Question

For each of the following differential equations, separate variables and find a solution containing one arbitrary constant. Then find the value of the constant to give a particular solution satisfying the given boundary condition. Computer plot a slope field and some of the solution curves. \(x y^{\prime}=y, \quad y=3\) when \(x=2\)

Short answer

The particular solution is \( y = \frac{3}{2}x \).

Step-by-step solution

Separate the Variables

Start by rewriting the given differential equation in a form that allows the variables to be separated. The equation is \( x y' = y \). Divide both sides by \( y \) and multiply by \( dx \) to obtain: \[ \frac{y'}{y} = \frac{1}{x} \rightarrow \frac{dy}{y} = \frac{dx}{x} \]

Integrate Both Sides

Integrate both sides of the equation: \[ \int \frac{dy}{y} = \int \frac{dx}{x} \] The integrals are: \[ \text{ln}|y| = \text{ln}|x| + C \] where \( C \) is the constant of integration.

Solve for y

Exponentiate both sides to solve for \( y \): \[ e^{\text{ln}|y|} = e^{\text{ln}|x| + C} \rightarrow |y| = e^{\text{ln}|x|} \times e^C \rightarrow |y| = x \times e^C \] Let \( A = e^C \). Therefore, our general solution is: \[ y = Ax \]

Apply the Boundary Condition

Use the boundary condition \( y = 3 \) when \( x = 2 \) to find \( A \): \[ 3 = A \times 2 \rightarrow A = \frac{3}{2} \] Thus, the particular solution is: \[ y = \frac{3}{2}x \]

Slope Field and Solution Curves

Plot the slope field and the solution curves for the differential equation. The slope at any point \((x, y)\) is given by \( y/x \). The solution curve satisfying the boundary condition is \( y = \frac{3}{2} x \).

Key concepts

Variable Separation

Variable separation is a fundamental technique for solving differential equations. This method works by rearranging the equation to isolate the variables on opposite sides. For our problem, the given differential equation is:

\[ x y' = y \]

By dividing both sides by \( y \) and multiplying by \( dx \), we separate the variables as follows:

\[ \frac{y'}{y} = \frac{1}{x} \rightarrow \frac{dy}{y} = \frac{dx}{x} \]

This new form is crucial because it enables us to integrate each side with respect to its own variable.

Integration

The next step after separating the variables is to integrate both sides of the equation.

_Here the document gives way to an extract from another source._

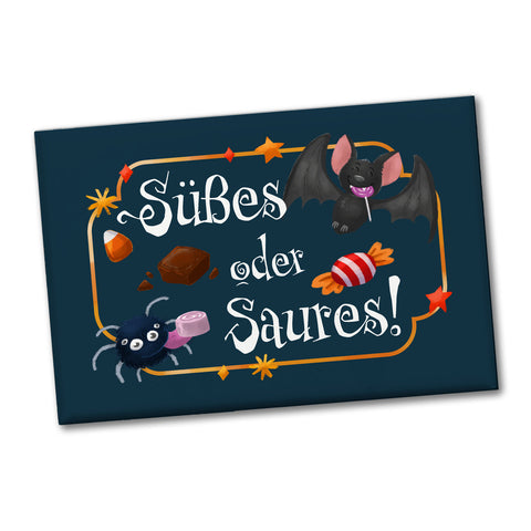 Süßes oder Saures Halloween Souvenir Magnet mit Spinne und Fledermaus

For the equation

\[ \frac{dy}{y} = \frac{dx}{x} \],

we integrate each side concerning its respective variable:

\[ \begin{aligned} \text{ln}|y| & = \text{ln}|x| + C \ \text{where } C & \text{is the constant of integration} \ \text{ln}|y| & = \text{ln}|x| + C \rightarrow e^{\text{ln}|x|} \times e^C \rightarrow |y| & = x \times e^C \rightarrow y = x \times e^C \rightarrow y = Ax \ \text{where} \ A &= e^C \end{aligned} \]

We see that integrating results in getting rid of the logarithms and simplifying our equation to a more manageable algebraic form. Letting \( A = e^C \), we get the general solution:

\[ y = Ax \].

Boundary Conditions

To find the particular solution, we use the given boundary condition \( y = 3 \) when \( x = 2 \). Plugging these values into our general solution \( y = Ax \), we determine the constant \( A \):

\[ y = Ax \rightarrow 3 = A \times 2 \rightarrow A = \frac{3}{2} \]

Therefore, our particular solution is:

\[ y = \frac{3}{2} x \].

Boundary conditions help us determine the specific function out of the family of solutions described by the general solution.

Slope Field

A slope field, or direction field, visually represents the solutions of a differential equation. Each point in the slope field has a small line segment with a slope equal to the value given by the differential equation at that point. For the differential equation \( x y' = y \), the slope at any point \((x, y)\) is given by:

\[ y' = \frac{y}{x} \].

Plotting the slope field for this equation helps us see the pattern of the solutions. By drawing some solution curves, including the one satisfying the boundary condition \( y = \frac{3}{2} x \), we can grasp the behavior of all potential solutions. This visualization aids in understanding the nature of the differential equation and the impact of different initial conditions.